# Hope I can get some info about Overstaying in Greece



## xtos (Nov 17, 2008)

Hope I can get some info about Overstaying in Greece

I am Greek-Canadian (Born in Canada, but I have NOT yet Exercised my Greek Citizenship) since it involves a Military Obligation. I don’t mind doing my Military Obligation (I believe it is only 3 months since I was born in Canada), but I have some Medical Problems that may not allow me to Enter the Military and I would need to deal with all those steps, that we take a long time, Greece is a nightmare of Red Tape.

The plan is to move there permanently, but I would need to work somewhere, I have applied at a few places and I get responses (well, I did before the Big Time Problems Started) and I was always asked if I had my Military Release Papers…..Answer being NO…..they would just tell me to reapply when I did. So, I have or had employers interested in hiring me, but as you can see……this is the above problem.

Even with all the Economic Problems going on right now, I still want to go to Greece to try it out, but give it a REAL TRY, so I am prepared to work (if I can find any kind of job) at anything. Now, to do that I would need to settle in FIRST before going to the Army, so this will take a long time and my 6 months may expire.

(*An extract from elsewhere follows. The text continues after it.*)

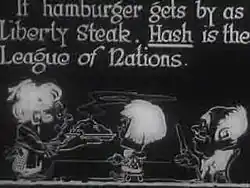 A political cartoon lampooning the name change of hamburger meat during World War I
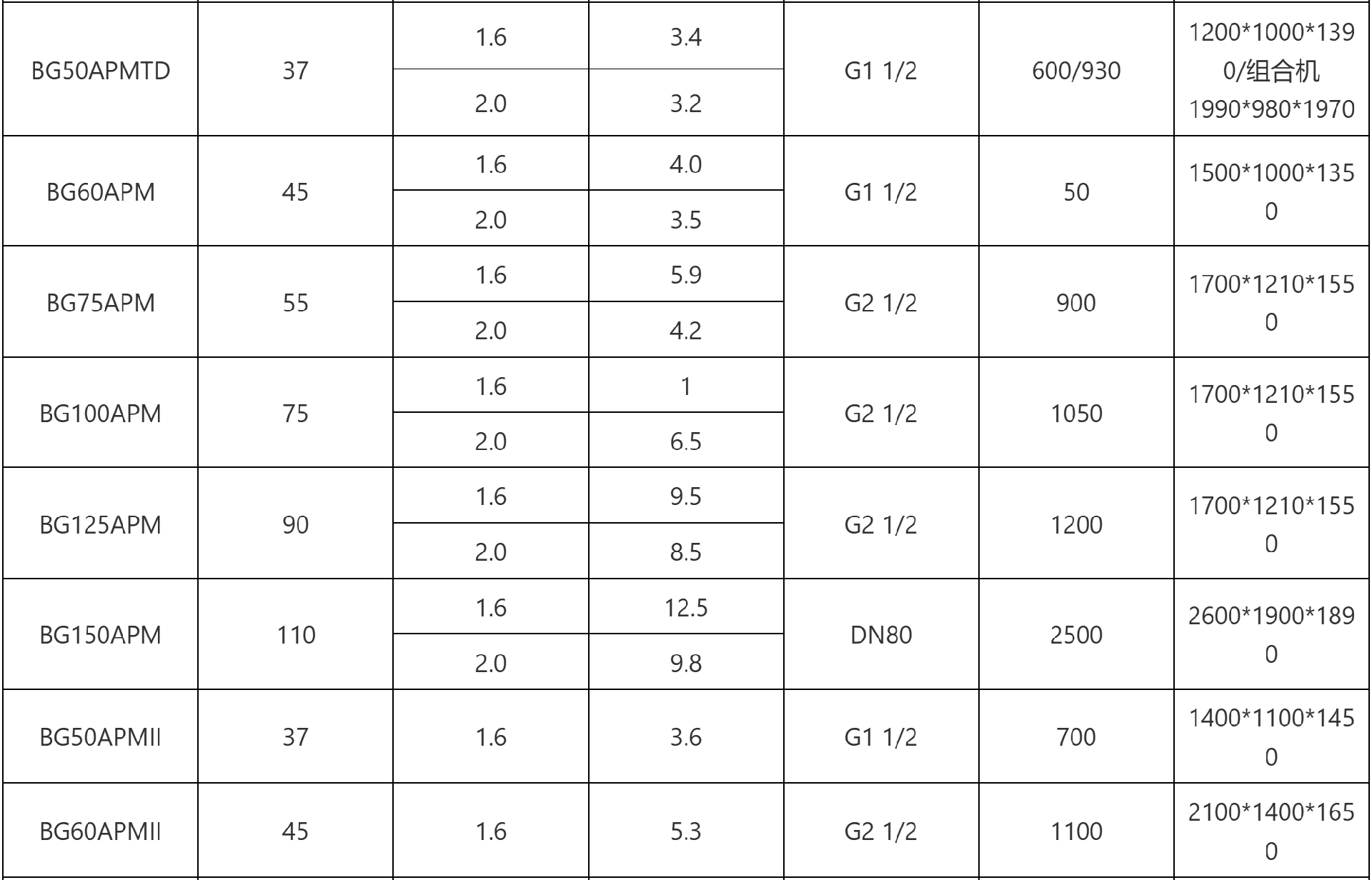 注:型号带TD为一体式机型,不带II为单级压缩机型,带II为双级压缩机型。

I was thinking if I go and get a job that does NOT require Military Release Papers and I just lay low until I get my Papers will that be a problem? What can really happen to me? Can I still get IKA? Will I have to keep looking over my shoulder?

Thanks!!!


----------



## condorian (Dec 9, 2009)

Hello,

I dont know what kind of work you do but i assume in the professional area. The companies would have to hire you as a foreign worker so that you could get IKA etc. But even this is a pain in the ass. 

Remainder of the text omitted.